Dołączył: 03 wrz 2012
Posty: 4029
sylwia_slomczewska napisał(a)


Nie miej złudzeń, ja miałam i rok temu przeszliśmy taką mega plagę, że na trawniku nie wiadomo było gdzie nogę postawić.
Hosty, języczki były zjedzone na maxa do gołych łodyg, fiołki i wiele innych bylin też. Od tamtej pory sypie granulat po ogrodzie i jest znacznie mniej w tym roku. Te co ich nie ubijesz w tym sezonie rozmnożą się i w przyszłym roku będzie razy ileś set, bo tych jajek znoszą w ziemi ogromne ilości Wiem bo przy kopaniu ziemniaków jak zobaczyłam to się przeraziłam. Na jesieni cały warzywnik uprawiliśmy, żeby jajka zmarzły i ptaki wybrały, ale to tylko w warzywniku tak można, rabat nie przekopiesz na zimę, a w rabatach też będą jaja pod ziemią w korzeniach roślin pod kamykami, korą i wszystkim co stwarza odpowiednie warunki. Dwa sezony temu z daliami do piwnicy trafiły jajka, na wiosnę wyjęliśmy oprawki z bulw tylko i gigantyczne ślimory, tak na tych bulwach wyrosły.

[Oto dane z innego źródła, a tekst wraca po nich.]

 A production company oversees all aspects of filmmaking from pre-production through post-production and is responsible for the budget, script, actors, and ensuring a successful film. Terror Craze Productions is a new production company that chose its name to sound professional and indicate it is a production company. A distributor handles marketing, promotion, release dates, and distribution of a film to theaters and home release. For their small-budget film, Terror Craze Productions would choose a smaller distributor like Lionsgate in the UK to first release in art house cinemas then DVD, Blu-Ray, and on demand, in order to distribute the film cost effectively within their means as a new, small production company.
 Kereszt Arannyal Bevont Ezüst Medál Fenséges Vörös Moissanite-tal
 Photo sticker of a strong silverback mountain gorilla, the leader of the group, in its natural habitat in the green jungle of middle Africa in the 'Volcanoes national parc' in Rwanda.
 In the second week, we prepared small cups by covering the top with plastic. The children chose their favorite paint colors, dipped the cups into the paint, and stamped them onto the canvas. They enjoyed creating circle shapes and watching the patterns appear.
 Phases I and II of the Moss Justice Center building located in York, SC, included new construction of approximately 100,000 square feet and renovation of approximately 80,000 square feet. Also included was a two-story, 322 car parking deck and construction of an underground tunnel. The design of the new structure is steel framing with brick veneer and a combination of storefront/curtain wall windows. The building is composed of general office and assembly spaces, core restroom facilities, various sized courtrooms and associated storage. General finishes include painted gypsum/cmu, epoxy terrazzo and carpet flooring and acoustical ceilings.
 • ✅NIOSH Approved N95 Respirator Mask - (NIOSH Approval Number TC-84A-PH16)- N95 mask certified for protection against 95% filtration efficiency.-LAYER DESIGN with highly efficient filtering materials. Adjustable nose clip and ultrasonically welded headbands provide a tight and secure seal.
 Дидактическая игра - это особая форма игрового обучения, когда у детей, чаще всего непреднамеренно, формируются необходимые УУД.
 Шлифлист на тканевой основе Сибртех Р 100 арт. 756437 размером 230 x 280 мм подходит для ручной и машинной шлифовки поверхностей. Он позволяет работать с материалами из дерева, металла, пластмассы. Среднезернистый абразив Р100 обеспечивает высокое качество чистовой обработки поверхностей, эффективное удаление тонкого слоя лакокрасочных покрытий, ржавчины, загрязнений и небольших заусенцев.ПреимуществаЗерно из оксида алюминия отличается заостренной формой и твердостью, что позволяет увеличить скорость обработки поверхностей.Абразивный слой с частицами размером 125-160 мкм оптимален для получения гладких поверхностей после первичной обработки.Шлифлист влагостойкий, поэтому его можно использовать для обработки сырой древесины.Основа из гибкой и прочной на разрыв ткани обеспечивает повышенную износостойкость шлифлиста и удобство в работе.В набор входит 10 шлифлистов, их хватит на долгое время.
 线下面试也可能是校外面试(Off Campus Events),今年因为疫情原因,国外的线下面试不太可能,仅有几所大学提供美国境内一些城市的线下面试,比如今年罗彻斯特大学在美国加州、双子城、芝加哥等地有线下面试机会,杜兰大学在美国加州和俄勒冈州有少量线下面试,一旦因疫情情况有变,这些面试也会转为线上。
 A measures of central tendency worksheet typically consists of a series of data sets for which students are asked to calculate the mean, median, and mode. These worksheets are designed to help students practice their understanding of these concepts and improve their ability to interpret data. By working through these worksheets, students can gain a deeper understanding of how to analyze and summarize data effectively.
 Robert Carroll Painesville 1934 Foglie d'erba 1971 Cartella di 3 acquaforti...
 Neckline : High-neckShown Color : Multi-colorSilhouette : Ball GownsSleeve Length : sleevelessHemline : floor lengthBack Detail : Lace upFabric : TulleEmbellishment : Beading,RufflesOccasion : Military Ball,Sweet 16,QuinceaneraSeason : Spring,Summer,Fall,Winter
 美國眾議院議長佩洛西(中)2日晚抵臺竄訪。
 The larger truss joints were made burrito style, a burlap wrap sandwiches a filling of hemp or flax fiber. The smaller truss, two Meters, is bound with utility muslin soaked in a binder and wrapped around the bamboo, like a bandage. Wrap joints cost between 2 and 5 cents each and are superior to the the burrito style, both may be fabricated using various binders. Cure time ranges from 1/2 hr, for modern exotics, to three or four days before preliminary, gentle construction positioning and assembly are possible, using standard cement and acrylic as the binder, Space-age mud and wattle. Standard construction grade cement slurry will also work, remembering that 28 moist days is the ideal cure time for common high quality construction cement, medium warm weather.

Ja Sylwia, pamiętam kilka lat temu na Podkarpaciu plagę nagich ślimaków. Piszę nagich, ogólnie, ale to chyba były luizjańskie? Takie orzechowe? Nie wiadomo gdzie nogę postawić i to nie było wcale śmieszne. Dzisiaj mam u siebie te luizjańskie i nie mam już złudzeń. Ale żeby na daliach w piwnicy? Poza sezonem? Tak się zapaliłam do ekologicznego warzywnika bez przekopywania, nie da rady.
Weryfikują się pomysły. Będę przekopywać. Dziękuję Ci za wszystkie ciekawe i ważne informacje.
____________________
Wiktoria Przy ścieżce aktualny Wzdłuż ścieżki, jak po sznurku... Cardiocrinum giganteum
vita 22:25, 07 lip 2022


Dołączył: 03 wrz 2012
Posty: 4029
Gruszka_na_wierzbie napisał(a)
Że też nie mam pod ręką jakiegoś okazałego drzewa, żeby pnąca hortensja dała taki efekt jak u Ciebie. Ślicznie wygląda, kiedy tak wspina się po sośnie. Moja biedaczka nie ma się gdzie rozpędzić.
Ślimaków u mnie w tym sezonie niewiele. Dylematów estetyczno- moralnych związanych z ich uśmiercaniem nie mam. Mszyc za to było sporo. Tradycyjnie na bobie najwięcej.
Doliny pachnące akacją i czarnym bzem- ehhh! Rozmarzyłam się.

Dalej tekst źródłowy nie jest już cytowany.